● Task statement
After removing every image, reproduce the data exactly as it appears.

··· Material provided ···

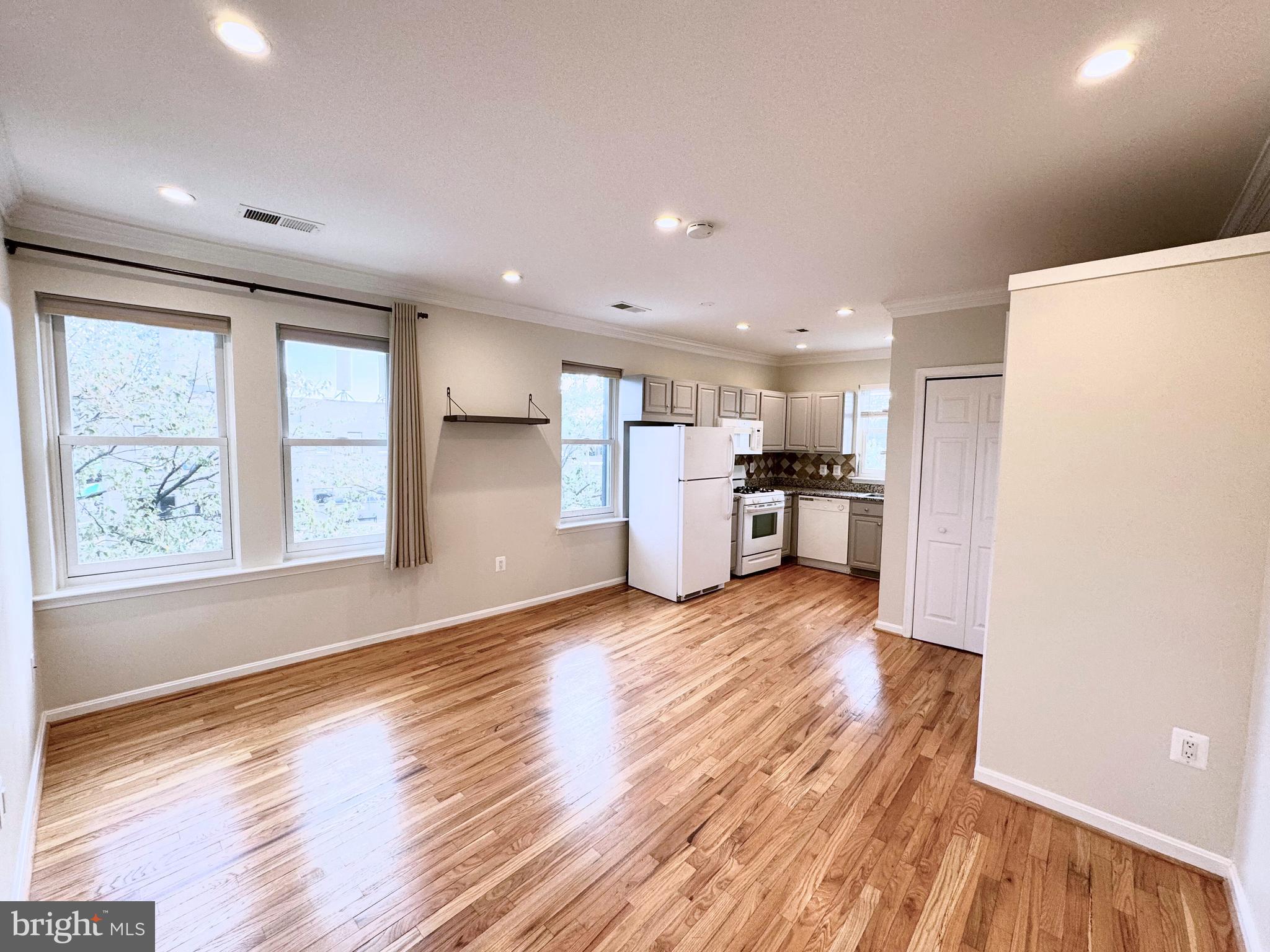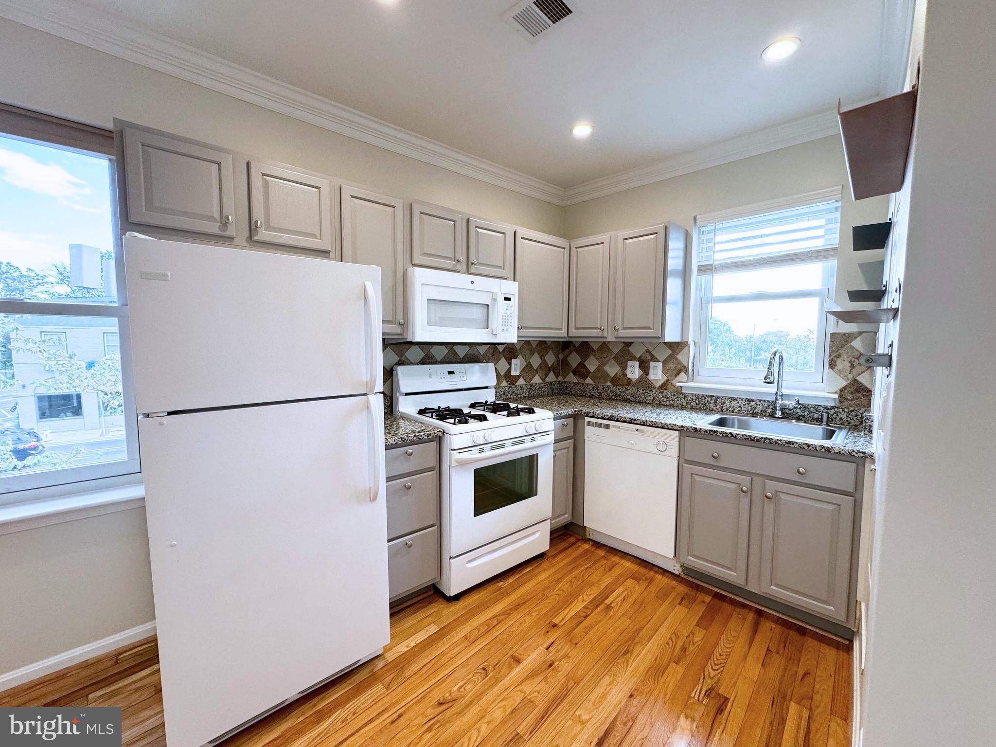 As you step inside, you'll be greeted by an open floor plan that seamlessly connects the living, dining, and kitchen areas. The entire unit boasts gleaming hardwood floors and the kitchen offers ample cabinet space and a stylish backsplash.
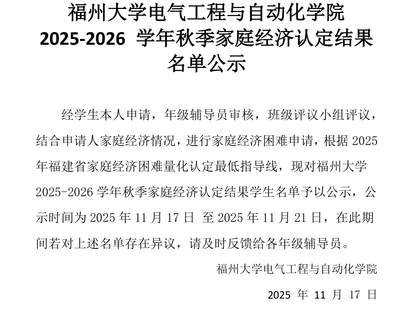电气学院关于2025-2026学年本科生家庭经济困难学生认定领导小组成员及年级评议小组成员的公示
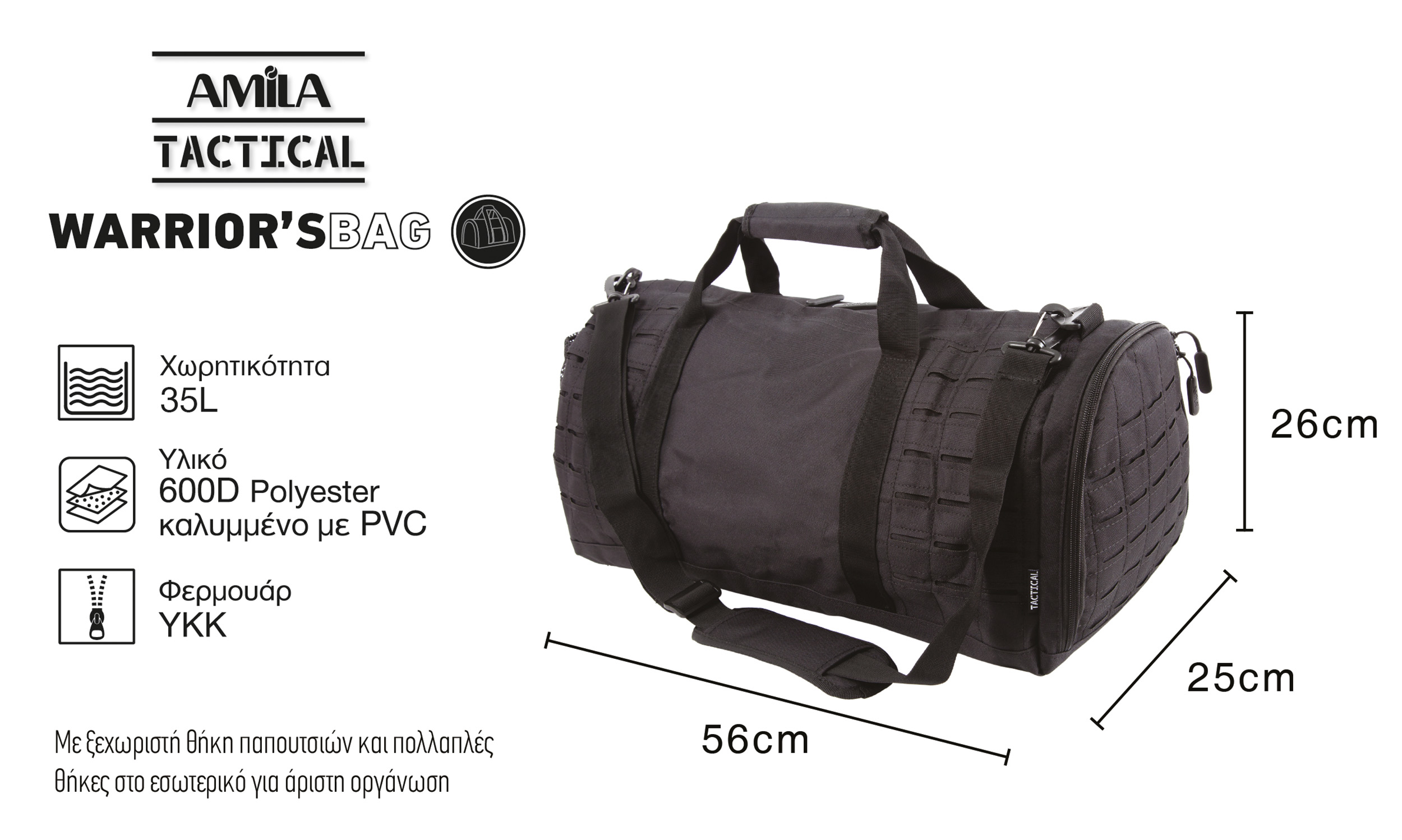 Το σακίδιο από την AMILA Warrior's Bag τύπου Duffel, είναι για αυτούς που στην προπόνηση τους δεν αφήνουν τίποτα στην τύχη και θέλουν να είναι πάντα στο top level. Διαθέτει ξεχωριστή θήκη παπουτσιών, σύστημα Molle περιμετρικά, με κομμάτι velcro για να βάλετε τα patches που σας αντιπροσωπεύουν κάνοντας την τσάντα προσωπική. Κρατήστε την τσάντα με 3 διαφορετικούς τρόπους, μεταφέροντας την εύκολα στο γυμναστήριο, και αποθηκεύοντας την στα ντουλαπάκια. Διαθέτει πολλαπλές θήκες για να μπορείτε να αποθηκεύσετε διάφορα πράγματα κρατώντας την οργάνωση σε υψηλό επίπεδο. Κατασκευασμένη με υλικά ιδιαίτερης αντοχής!

···

● Reply to the exercise
 As you step inside, you'll be greeted by an open floor plan that seamlessly connects the living, dining, and kitchen areas. The entire unit boasts gleaming hardwood floors and the kitchen offers ample cabinet space and a stylish backsplash.
电气学院关于2025-2026学年本科生家庭经济困难学生认定领导小组成员及年级评议小组成员的公示
 Το σακίδιο από την AMILA Warrior's Bag τύπου Duffel, είναι για αυτούς που στην προπόνηση τους δεν αφήνουν τίποτα στην τύχη και θέλουν να είναι πάντα στο top level. Διαθέτει ξεχωριστή θήκη παπουτσιών, σύστημα Molle περιμετρικά, με κομμάτι velcro για να βάλετε τα patches που σας αντιπροσωπεύουν κάνοντας την τσάντα προσωπική. Κρατήστε την τσάντα με 3 διαφορετικούς τρόπους, μεταφέροντας την εύκολα στο γυμναστήριο, και αποθηκεύοντας την στα ντουλαπάκια. Διαθέτει πολλαπλές θήκες για να μπορείτε να αποθηκεύσετε διάφορα πράγματα κρατώντας την οργάνωση σε υψηλό επίπεδο. Κατασκευασμένη με υλικά ιδιαίτερης αντοχής!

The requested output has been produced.